Skipped for good reason if this inane and flaky period farce from Tamra Davis is any indication. Southern spitfire Lydia Callahan (Jennifer Jason Leigh with a Mae West trill and a Marilyn Monroe dye job) and her out-of-wedlock 14-year-old, Sam (Bug Hall), take up exile in Wyoming to spare her dad, Casper (Lee Ermey), embarrassment when he runs for senator back home in North Carolina. Sam finds their new neighbors to be backward in most ways but not all: his classmate Maurey Pierce (Mischa Barton) casually enlists him in her quest for sexual knowledge, the finer points of which Lydia demonstates by means of a tortilla. This occasionally amusing, mostly distasteful farce combines perversity and sentimentality, calling on parts of films like Fried Green Tomatoes, Crazy in Alabama, and American Pie (and not the better ones). What's more, Sam fancies himself a writer of "literature," which means a lot of overwritten voiceover narrative and glimpses of books much more interesting than this movie.
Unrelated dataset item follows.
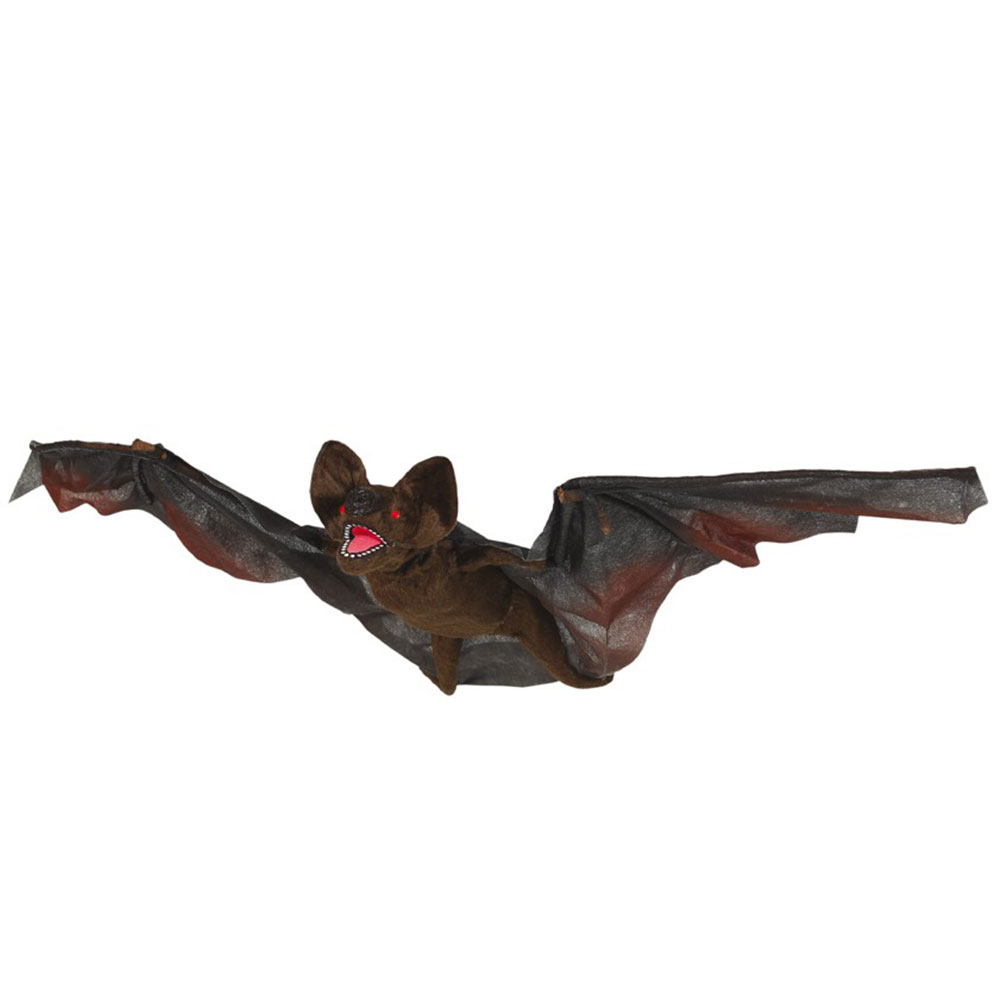 Upptäck den ultimata hängande halloween-rekvisitan i form av en animerad fladdermus på 90 cm som har rörliga delar och inbyggda LED-lampor i ögonen. Fladdermusen är färgad i brunt och svart, och är en perfekt dekoration för halloween.

Screens tonight at 7:10 and 9:20 p.m. and tomorrow at 12:10, 2:15, and 4:30 p.m.

-- Peter Keough

Film Festival Feature Films

Shadow of the Vampire | Songcatcher | Venus Beauty Institute | What's Cooking? | The Broken Hearts Club | Envy | Goya in Bordeaux | Human Resources | Skipped Parts | Amargosa | Henry Hill | Relative Values | The Rising Place | The Contender | Pitch People | Roof to Roof | Four Dogs Playing Poker | Reckless Indifference | Requiem for a Dream | Shadow Magic | About Adam | Charming Billy | Enemies of Laughter | Into the Arms of Strangers | Running on the Sun | A Trial in Prague | Harry, He's Here to Help | A Man is Mostly Water | Seven Girlfriends

Also, Boston Film Festival short films

[Movies Footer]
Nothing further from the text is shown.